A crucial identity: the opaque pthread_t handle is simply the address of this struct pthread. Drepper’s NPTL paper is explicit — “the thread handle is simply the pointer to the thread descriptor,” which is why “successively created threads will get the same handle” when glibc reuses a cached stack (Drepper & Molnar 2005 §5.6). That is the concrete reason POSIX forbids comparing pthread_t with == (use pthread_equal) and why using a handle after join/detach is undefined.
The gscope Flag and Safe dlclose
One header field deserves more than a line because it solves a genuinely hard problem: gscope_flag (offset 0x1c, sharing space with multiple_threads). “gscope” is glibc’s global scope lock, and it exists to make [[dlopen and Runtime Loading|dlclose]] safe in the presence of lazy PLT resolution.
The problem: when the dynamic linker resolves a symbol lazily, it walks the global lookup scope — the ordered list of loaded objects. If another thread calls dlclose and unmaps an object mid-walk, the resolving thread reads freed memory and crashes. glibc cannot take a heavyweight lock around every lazy resolution (that would serialize all symbol lookups), so it uses a per-thread, almost-free flag instead. Each thread sets its gscope_flag while it is inside a scope walk and clears it afterward — a plain store, no atomic in the fast path. When dlclose wants to free an object, it must wait until no thread is walking the scope: it flips the objects out of the scope, then calls __thread_gscope_wait, which scans every thread’s gscope_flag (reachable through the thread list) and spins/futex-waits until each in-flight walker has cleared its flag. This is a classic asymmetric synchronization scheme: the common operation (a scope walk) pays almost nothing, while the rare operation (dlclose) pays the full cost of polling all threads. Placing the flag in the ABI header, reachable via %fs, is what makes the common side a single un-contended store.
Finding the Descriptor from Outside: Debuggers
The descriptor is not only reached by the thread itself. libthread_db — the helper library GDB and other debuggers load to understand a live or core-dumped multithreaded process — walks these structures from outside the process, where %fs is not available.
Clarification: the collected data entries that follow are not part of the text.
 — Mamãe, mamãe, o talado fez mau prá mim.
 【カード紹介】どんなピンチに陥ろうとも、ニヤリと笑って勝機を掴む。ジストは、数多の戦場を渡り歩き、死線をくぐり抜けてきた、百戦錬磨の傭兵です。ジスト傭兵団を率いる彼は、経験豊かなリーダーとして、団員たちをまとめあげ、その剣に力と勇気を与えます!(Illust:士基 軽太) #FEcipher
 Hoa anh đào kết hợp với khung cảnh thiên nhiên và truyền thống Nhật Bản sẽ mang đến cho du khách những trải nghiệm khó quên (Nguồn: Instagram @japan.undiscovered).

It finds the thread list and each struct pthread by reading exported offsets and the td_eventbuf_t eventbuf field, which glibc updates on thread creation/death so a debugger can set “new thread” and “thread exit” breakpoints. This is why the layout of struct pthread, though “private,” is not entirely free to change: libthread_db is compiled against specific offsets, and glibc coordinates the two. It is also why a corrupted TCB often makes GDB’s info threads misbehave — the debugger is chasing pointers through the very structure the bug damaged.
How the Thread Pointer Gets Set
For the TCB to work, %fs must be pointed at the descriptor before the thread runs any TLS-using code. There are two mechanisms, one for the main thread and one for new threads.
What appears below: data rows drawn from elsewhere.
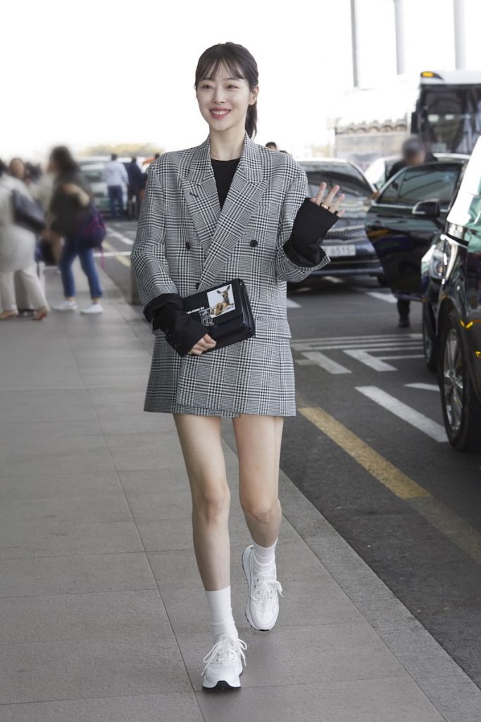 이날 오후 김포공항에 모습을 드러낸 설리는 오버사이즈 재킷을 미니 원피스처럼 연출해 시크함과 로맨틱함을 모두 놓치지 않은 스타일링을 선보였다. 발목까지 올라오는 양말과 화이트 스니커즈로 트렌디함까지 살린 설리는 백으로 마무리한 포인트 룩으로 관심을 모으고 있다.
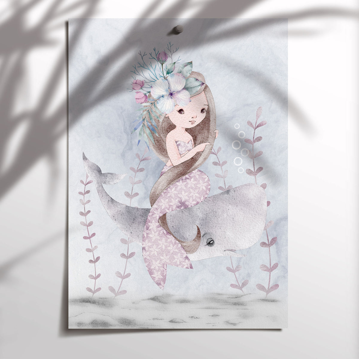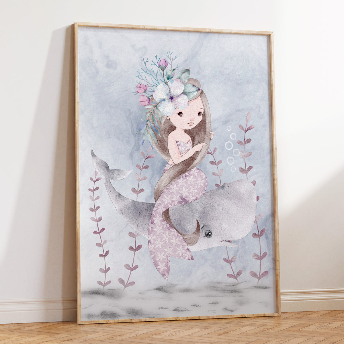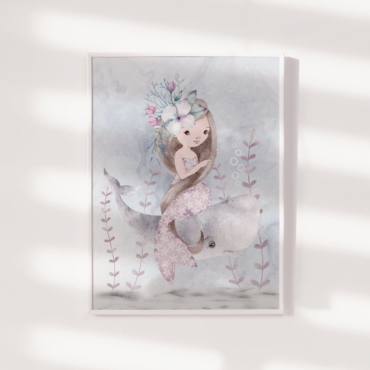 Unit price perPerfect for the mermaid, ocean or sea themed nursery, bedroom or playroom decor is this watercolour mermaid wall art print, use as a standalone piece or co-ordinate with our other co-ordinating prints.
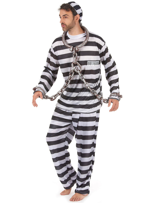 Pánský kostým vězně v černém a bílém provedení
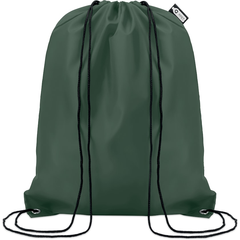 Umweltfreundlicher Turnbeutel aus RPET, sprich recycelten Plastikflaschen. Der Turnbeutel hat ein Etikett, das die Umweltfreundlichkeit und RPET als Material anzeigt. Eine Entscheidung für die Natur!

The main thread is set up during process startup. glibc allocates the initial descriptor and calls its TLS_INIT_TP macro, which “sets _head->tcb and _head->self to the thread descriptor” and then “invokes arch_prctl(ARCH_SET_FS, thrdescr)… setting the x86-64 FS segment register to point to the TCB base” (sysdeps/x86_64/nptl/tls.h). arch_prctl(ARCH_SET_FS, addr) is the x86-64 system call that writes the %fs base MSR; before it existed, this required a costly GDT/LDT descriptor manipulation, which was one of the pain points the NPTL redesign eliminated.
For a new thread, glibc avoids a second arch_prctl by folding the TP setup into thread creation: pthread_create allocates the descriptor, then issues clone with CLONE_SETTLS, whose tls argument on x86-64 “is the new value to be set for the %fs base register” (clone(2)). The kernel installs the %fs base as part of creating the task, so the new thread wakes up already able to reach its TCB and TLS — no window in which TLS is unusable. This is exactly the “signal-safe loading of the thread register” the NPTL kernel work added: “the new thread must be started by the kernel with the thread register already loaded… what… the CLONE_TLS flag” provides (Drepper & Molnar 2005 §6).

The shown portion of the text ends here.